And if you do get any bonus/bump is shown like they make you a huge favor with
the promise that you need in the future to become even more of a spineless
monkey. Which is why currently we have this situation where coders jump ship
at slightest increase from rival, because any loyalty that was embedded in us
by our parents went out the window when we dealt with above situations.

------
bonoboTP
Many problems with this attitude.

First, just let go. You're building something for someone else, and making
money for them. Treating it as your own "child" and being so psychologically
invested will do you no good. In the grand scheme of things you're not
"changing the world" with that new photo app or enterprise CRUD plug-in.
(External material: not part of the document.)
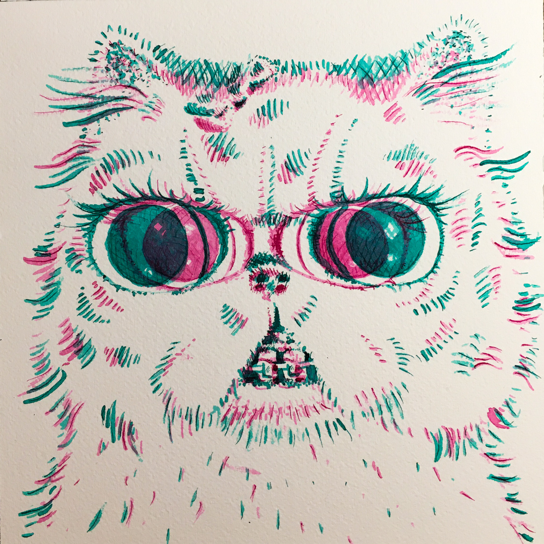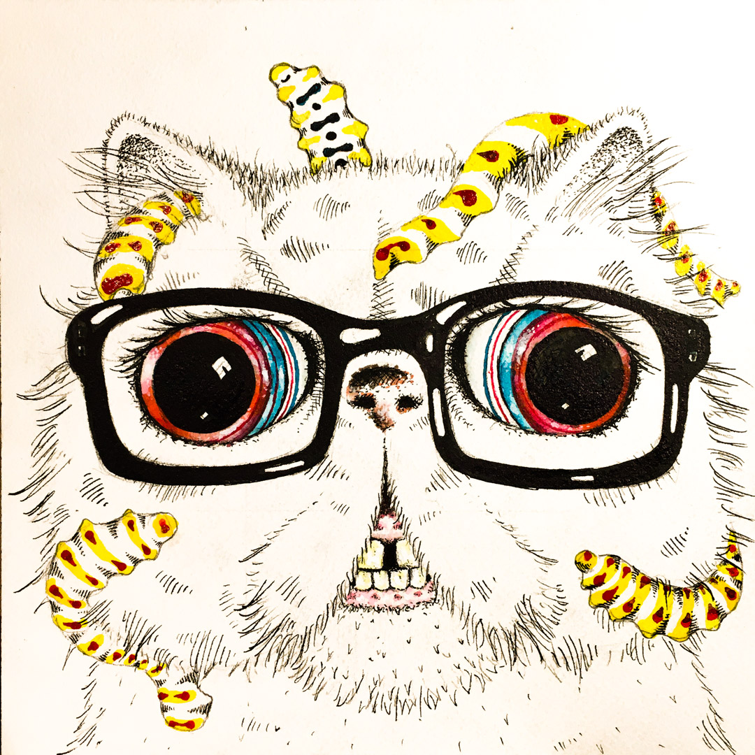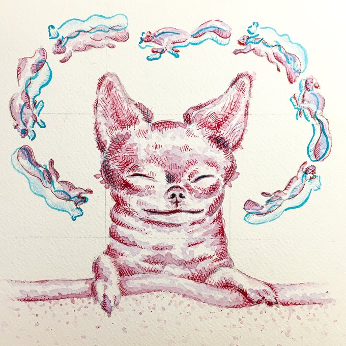 Chihuahua Dreams #inktober2020 #inktober2020day21 mostly India ink. Exploring more of the misprint effect.

Which ties in to the next point. Have a life outside work. Don't let work
define you and be your only claim to personal value. It's insane that American
programmers put up with so little free time. They want you on call? Then pay
for every on call night and weekend. Anything less than 20-25 days off per
year seems madness from Europe.

And that leads to the next point. As the TFA says, naive, enthusiastic devs
are often not motivated by money, but the joy of creating and they like to
feel valued and thanked. TFA suggests giving awards and thanks and bullshit
like that. No! The only appreciation a boss can give towards their employee is
money (bonuses and salary increases). Everything else is manipulation. I don't
care that you are super non-greedy good-person who doesn't care about money
etc. It doesn't matter. What matters is your boss _does_ care about it. You
see, talk is cheap. I can print you all the award you want and will laugh
behind your back what a loser you are. If you don't want the money then spend
it for charity or frame the Benjamins and hang them above your bed. Or give it
to your local homeless guy or your grandma. I don't care, but in business (not
in personal relations), respect is money and money is respect. The earlier you
learn it, the better. Nobody will take you seriously otherwise and you'll be
seen as childishly naive until you understand money beyond it being the thing
for the douche-y suit types.

------
amenod
> This flaw presents itself in a number of ways. The most frequent is in time
> estimates. Almost every engineer I know chronically underestimates how long
> it will take to complete a task or series of tasks. Only the very best are
> able to give and meet accurate time estimates while the rest are sometimes
> off by a factor of two or more.

What is interesting is that we seem to be _much_ more accurate when estimating
how much time a colleague will need to finish the task. So the solution is
simple: when deciding on an estimate for yourself, try picturing someone else
(less skilled preferably) doing the job. The result is surprisingly accurate,
at least in my experience. :)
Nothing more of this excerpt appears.